Storyverse AI is a platform I designed that would allow authors to share fictional stories with users. AI-powered agents empower users to chat with a story's characters, leveraging AI to explore new ways to engage with stories. The integration of AI is a key selling point for Storyverse AI.
I created reusable components such as buttons, images, and a main navigation header to keep designs stylistically consistent.
The placement of UI components and the UX copy (save for the sample character interaction on the Character Interaction Page) represents my original work, as does the selection of typography and colors and the creation of UI components besides the notifications. These include:
Main navigation header (customized from the Labyrinth UI Kit)
Buttons (customized from Penpot's Wireframing Kit v1.1 and Google's Material Design Kit)
Filters with checkboxes and tags, including a searchbar for story tags (customized from the Labyrinth UI Kit)
Analytics graphs for the Creator Dashboard page (created using mock data in Google Sheets)
I used Stitch to generate the three notifications for the Sample Story and Creator Dashboard pages, quickly making high-fidelity notifications that fit my design vision and aligned with the established typography (Figtree for body text and microcopy) and color scheme. I screenshotted low-fidelity notifications and gave descriptive prompts including the hex codes of colors for the page and notification backgrounds, as well as for the text, button, and icon colors, to ensure the tool generated precise UI components I could then screenshot and use in my high-fidelity designs.

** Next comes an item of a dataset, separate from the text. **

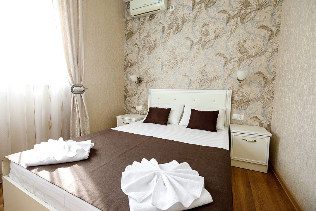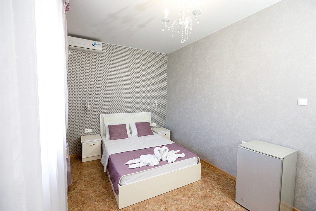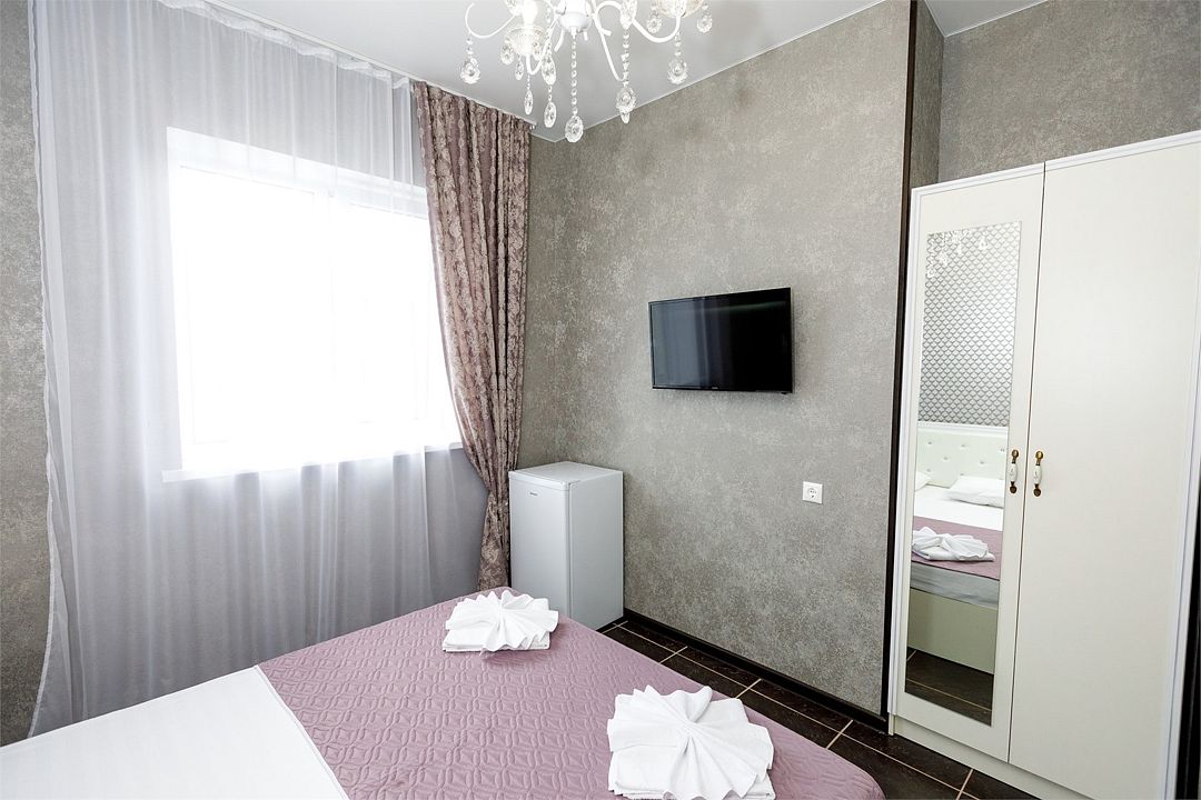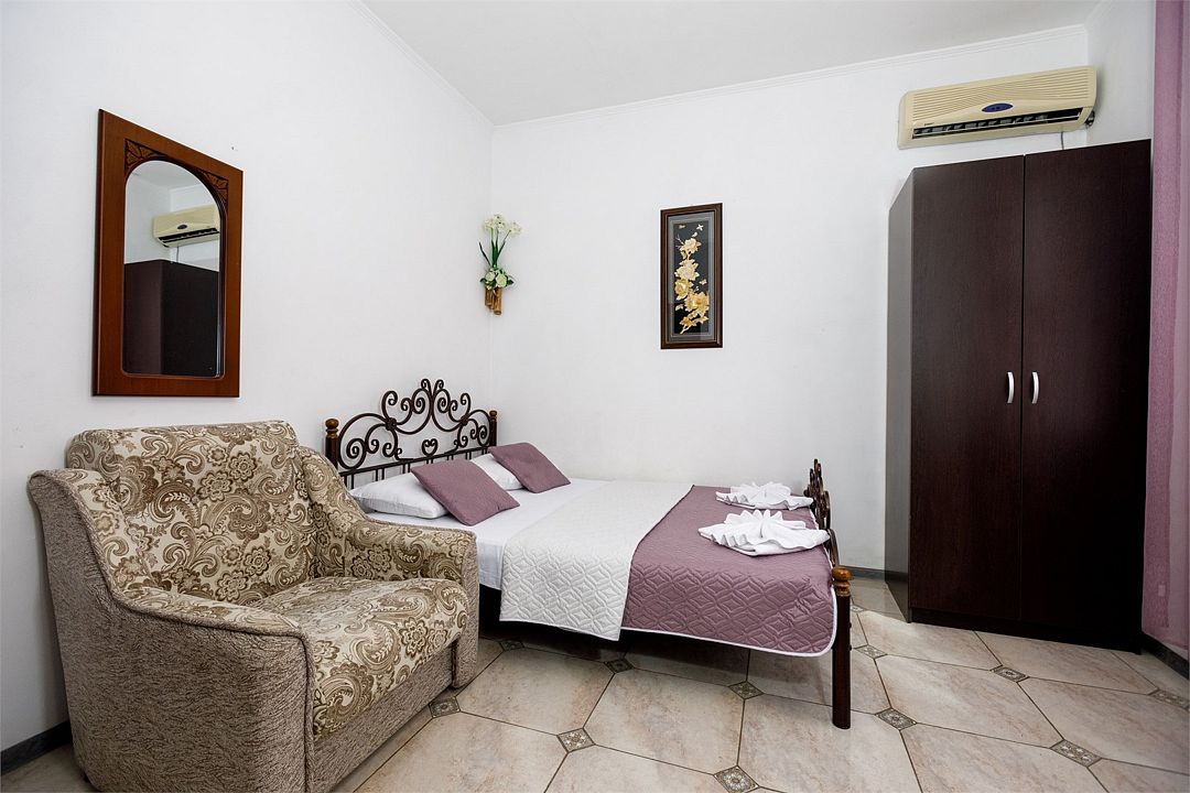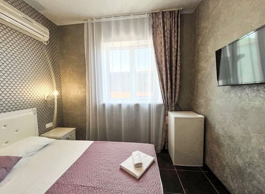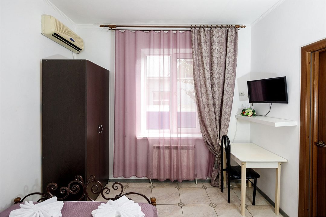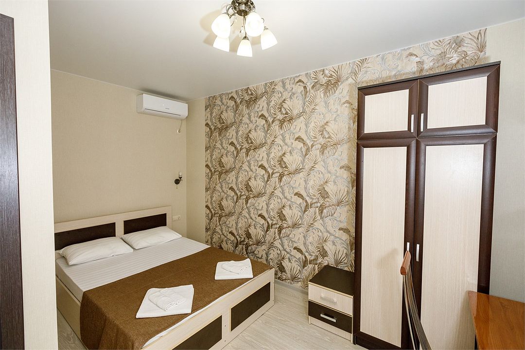 Wi-Fi, холодильник, кондиционер, фен, ванна, банные полотенца, двуспальная кровать, тумбы, шкаф для одежды, вешалки, письменный стол, зеркало, обслуживание номеров, раковина, отдельный вход в номер, вид во двор, стул, туалетные средства, туалет, телевизор с плоским экраном, москитная сеткаВ гостиничном номере

Similarly, I also experimented with AI image generation, using Microsoft Copilot and ChatGPT to generate book cover images, either from brief yet descriptive prompts or from full short stories I had previously written, to accelerate the process of developing high-fidelity wireframes. I chose Copilot and ChatGPT as I found they are reliable when it comes to creating high-fidelity images with readable titles, whereas other AI models may be prone to generating realistic images with unintelligible titles.
For the Character Interaction page, I prompted ChatGPT with my original short story, Mulberry Lane, asked it to roleplay as the character of Christopher Cat, and recorded my prompt and its response in the Character Interaction Page wireframe (see below).
I started by creating a competitive analysis to compare three major storytelling platforms—Wattpad, Archive of Our Own, and Medium—and one AI-drive character creation platform, Character.AI. Analyzing the pros, cons, and affordances of each led to key takeaways that I incorporated into my design.
I then created two user personas—one for a freelance writer and one for a reader—to ensure my design catered to their needs. For instance, since the writer persona, Emily Parker, needs to know how users engage with her stories, I added an analytics dashboard to the creator profile in my wireframes.
Next, I designed low-fidelity wireframes in Penpot (an open-source alternative to Figma) to visualize the placement of content on each page. I used components from Penpot's Wireframing Kit v1.1 and Labyrinth UI to quickly mock up the structure of content.
While I was constrained by a lack of existing user research, my competitive analysis enabled me to gather key insights from industry-leading story-sharing platforms, such as keeping the pages where the user reads a story minimalist and focused on text. I also relied on my knowledge of UX heuristics and best practices to design a user-friendly site (e.g. using Gestalt design principles to group components together).
Storyverse AI represents a user-centric experiment in incorporating AI into UX design workflows as much as it does the incorporation of AI into storytelling and creative work. By leveraging Penpot's reusable component libraries, I designed five stylistically consistent high-fidelity wireframes. Likewise, Stitch enabled me to iterate on the design of high-fidelity notifications.
I used AI tools like Stitch, Copilot, and ChatGPT to accelerate the creation of high-fidelity wireframes. Whereas a team might have in-house graphic designers, using these tools wisely allowed me to add lifelike images to the wireframes while keeping the design human at its core.